Villa interior with slanted walls
Slanted walls set the pace in this villa interior. Instead of letting them create leftover corners, the plan has been tightened around the shapes that were already there. The result is a living area that reads more clearly, with space given back to the two seating areas. Each zone is framed by a rug, so the rooms do not merge into one large surface. The change is subtle, but the effect is immediate: fewer dead spaces, more legibility, and a layout that follows the angles rather than fighting them.
Two seating areas with their own rhythm
The living room is organized around two living areas, each with its own scale and setting. One sits closer to the linking element with black stained oak, natural stone and leather; the other feels slightly more open, but still enclosed by its own rug. That simple framing gives each seating area a separate atmosphere without closing off the room. Seen from one side, the furniture is loose and relaxed; from the other, the lines of the floor and built-in elements pull the eye across the space.
Material does much of the work here. Black stained oak gives the connecting element a darker edge, while natural stone and leather temper it with texture. The fireplace in natural stone becomes a fixed point in the room, not because it dominates, but because it holds the surrounding surfaces together. In the images, that effect is reinforced by custom wall units, stone-like tabletops and the calm repetition of gray and white upholstery. The room is busy in plan, yet visually it stays measured.

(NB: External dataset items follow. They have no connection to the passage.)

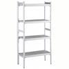 Doğrusal kurulum için. Jaluzili bölmeli polietilen raflara sahip 4 katlı raf seti (derinlik=475 mm). Alüminyum (20 mikron) yan dikmeler (yükseklik=1700 mm). Ayarlanabilir ayaklar.
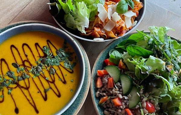 Rotkohlsuppe mit Apfel, Schmand, Dill und Croutons
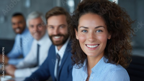 Business Team Portrait: A close-up portrait of a smiling businesswoman with her team in the background, signifying leadership, teamwork, and a thriving business environment.
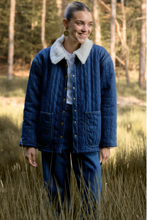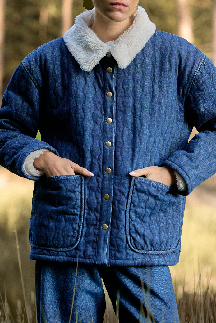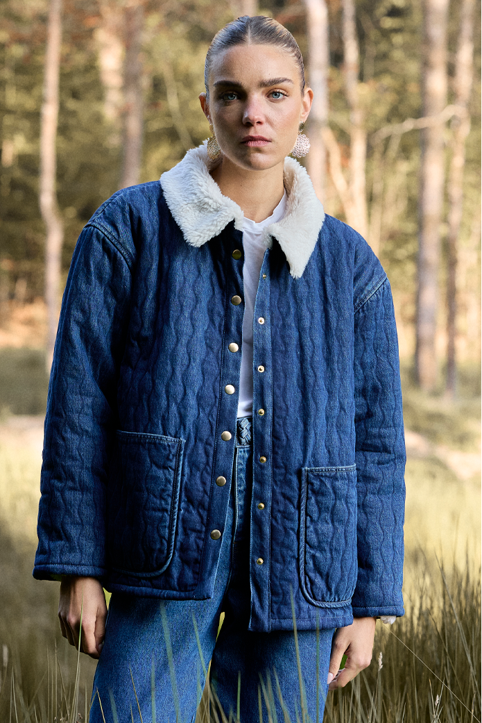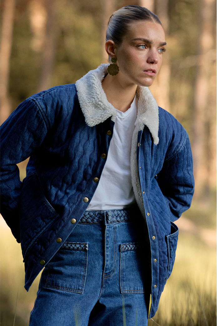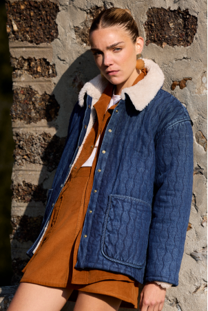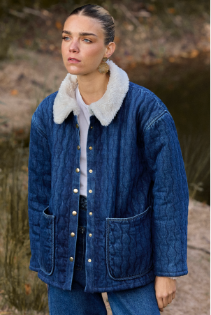 - Oversized quilted denim jacket lined with bouclé fabric faux fur effect
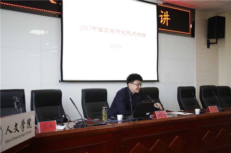讲座伊始,韩教授结合自身研究为同学们分析了2017年中国文学研究的时代语境和自身规律。他从学术会议、学术论文、学术专著三个方面观察总结了2017年稳定中有推进,守正中有创新的中国文学研究态势,并将其归纳为6大热点--内涵的再思考、基本文献整理研究、对文学经典的回归、制度与文学关系、文体研究、文本(抄本)研究。接着,他对“对中国文学内涵外延的重新思考”、“基本文献整理研究”和“对文学经典的回归”等热点进行了详细的讲解。其中他提到了当下西方话语体系对中国研究的弊端、出土古物所引发的学术思考以及德国科隆大学博士柯马丁以古希腊诗学为楔子引入的中国早期文本作者缺失的现象等概括面广泛的问题。同学们凝神静听,讲座现场气氛和谐。临近尾声,王永教授对本次讲座做了总结,他用“浅入深出”、“视野开阔”和“高屋建瓴”来表达自己的感受。之后的现场提问非常热烈,韩教授对同学们所提的问题进行了详细的解答。
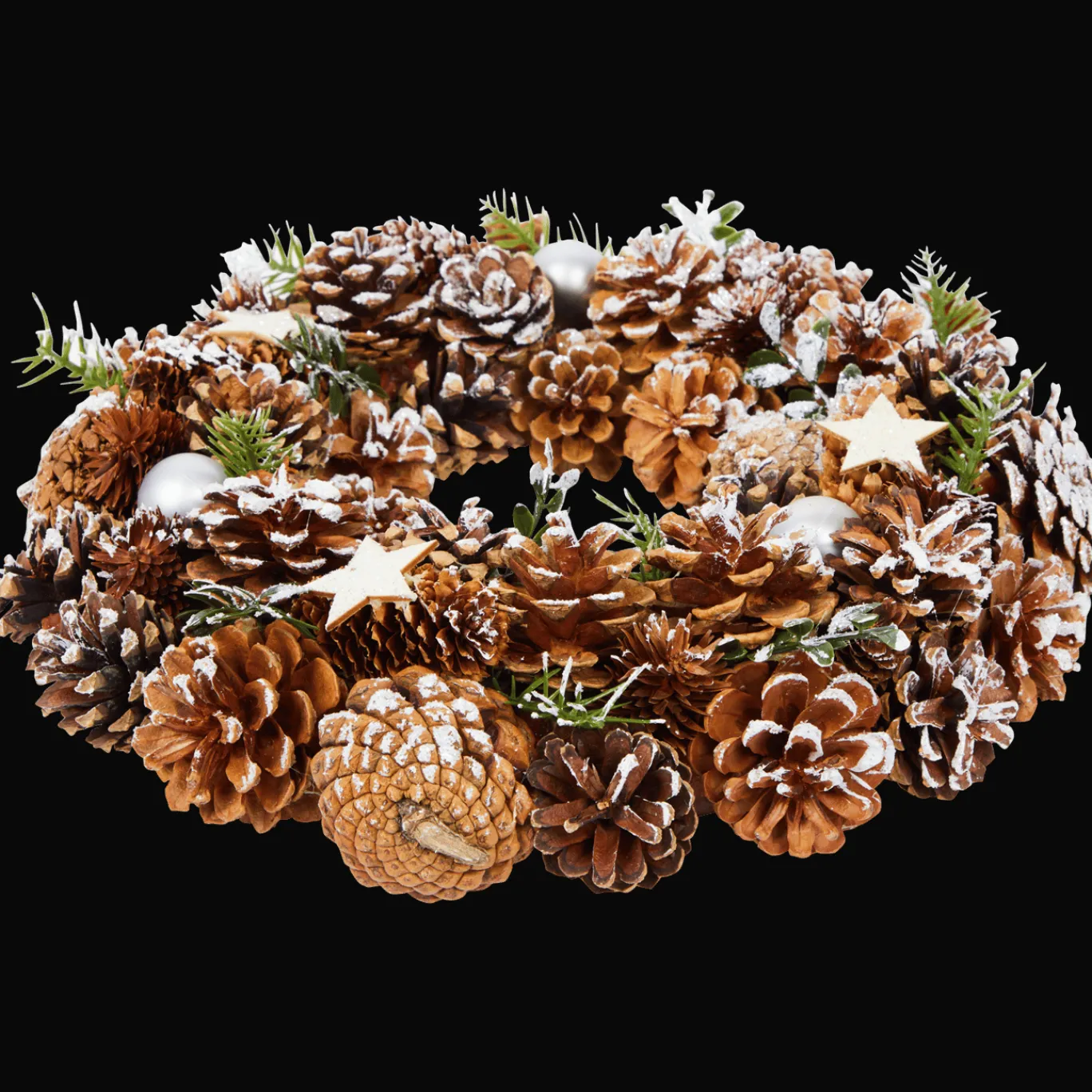 De feestdagen zijn niet compleet zonder sfeervolle krans aan de (voor)deur. Dit exemplaar met dennennaalden en dennenappels lijkt zelfgemaakt, maar hang je zo direct uit de verpakking op voor instant sfeer.
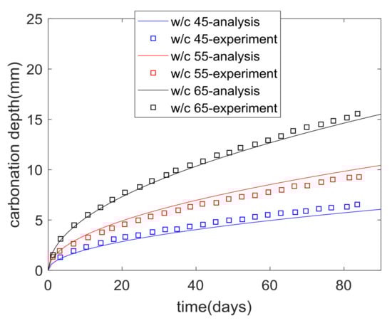 Experimental results from Song et al. [] were used to verify the proposed model. Song et al. [] conducted an experimental study on the carbonation of concrete with different crack widths and mixing proportions. The concrete mixing proportions are shown in Table 1. Concrete with high water to cement ratio represented low strength concrete. The concrete specimens were cured under water for 28 days at 20 °C. After curing, the specimens were put into a chamber at 65% RH for two weeks. Next, the concrete specimens were put into the CO2 chamber for accelerated carbonation testing (CO2 concentration was 10%, RH = 65%, temperature was about 25 °C). Splitting tests were used to induce 0.05 to 0.25 mm cracks into the concrete specimens.
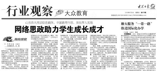 7月5日,大眾日報以《網絡思政助力學生成長成才》為題刊發報道,介紹山東農業大學主動適應90后大學生學習生活的“網絡化”特點,用活信息載體,豐富教育內容,突出育人實效的經驗做法。
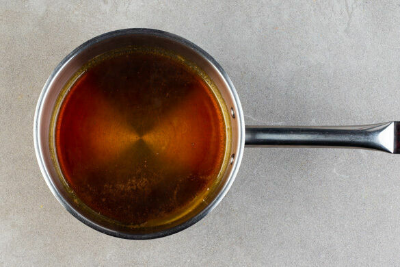 Einen kleinen Topf mittel bis stark erhitzen. Die ½ des restlichen Zuckers und 40ml Wasser in den Topf geben und ohne Rühren aufkochen lassen, den Topf ggf. leicht hin und her schwenken. Vorsicht, der Zucker wird sehr heiß! Sobald sich der Zucker aufgelöst hat und anfängt, goldbraun zu werden, sofort den Topf vom Herd nehmen.

A herringbone oak floor opens the room
The herringbone oak floor adds direction underfoot. Its pattern breaks the larger surfaces into smaller movements and makes the room feel longer than a plain plank floor would. That matters in a villa interior with slanted walls, where straight lines are already in short supply. The floor keeps the interior from becoming too fragmented. Light wood also softens the darker joinery, the stone surfaces and the glass partitions seen in the project images, so the transition between zones remains readable.
Fireplace, joinery and a clear line through the house
Several images show how the fireplace and bespoke joinery act as anchors. A large wall unit with open shelves sits near the seating area, while the fireplace opening is framed in stone and set into a darker mass of material. These pieces do not try to hide the architecture; they work with it. The verticals of the cabinetry, the horizontal line of the hearth and the rug boundaries give the room a structure that is visible even before the furniture is noticed.
The kitchen turns toward the garden
The kitchen faces the garden, bringing a clear outward orientation into the interior. That choice shifts the kitchen away from the wall and toward the view, which helps the room feel less enclosed. Hout, brons and natuursteen are mentioned in the source as the main counterweight to harder materials such as beton and glas. In the images, that contrast appears in the stone-like worktops, dark fronts and the line of the island, where stools gather along one side without interrupting the clean edge of the composition.
The kitchen island reads as part of the larger villa interior with slanted walls rather than as a separate object. Its surfaces repeat the darker tones found elsewhere, but the finish is warmer where wood appears in the cabinetry. A long run of built-in storage, seen in the photo set, keeps appliances and service elements out of view. That allows the room to stay open to the living area, with the island acting as a pause between cooking, circulation and the sightline toward the garden.
Stone, leather and bronze keep the palette grounded
The material palette avoids a decorative look. Black stained oak, natural stone and leather appear together in the linking element between the two seating areas, and their different textures do the real work. Stone has weight, leather absorbs light, and oak brings a visible grain. Bronze appears in the kitchen zone, where it sits against the harder surfaces rather than competing with them. The effect is not about contrast for its own sake. It is about giving each surface a role in the way the house is experienced from one room to the next.
Across the interior, the surfaces stay close to a restrained range of gray, white, black and wood tones. That narrow palette makes the slanted walls and custom-built parts easier to read. Glass panels with dark frames introduce another layer of depth, especially where sightlines cross from one room into another. In the photographs, the result is calm but not empty: the interior is full of edges, joins and transitions, yet nothing feels overdrawn.
The indoor pool area continues the same language
The indoor pool zone extends the material logic into a different setting. Concrete-cire and wood are used around the pool, matching the broader interior rather than breaking away from it. The images show a tiled perimeter, blue water and a wall treatment with wooden slats, which makes the space feel distinct without changing the vocabulary of the house. Even here, the layout is guided by lines and surfaces rather than ornament.
That consistency matters because the villa interior with slanted walls depends on reading across spaces. The pool area does not become a separate world; it belongs to the same sequence of rooms. Concrete-cire gives the walls a muted surface, while wood brings a visible grain that echoes the oak elsewhere. Together they bridge the transition from living room to kitchen to wellness zone, keeping the overall interior coherent without making it rigid.
What the angles reveal
The most noticeable change is not dramatic demolition but editing. Unused corners have been removed from the experience of the house by tightening the plan and letting the slanted walls remain visible. The two seating areas now have room to breathe, the kitchen has a clearer relation to the garden, and the pool area follows the same material code. In a villa interior with slanted walls, that kind of spatial correction is what gives the house its clarity: not more objects, but better placed ones.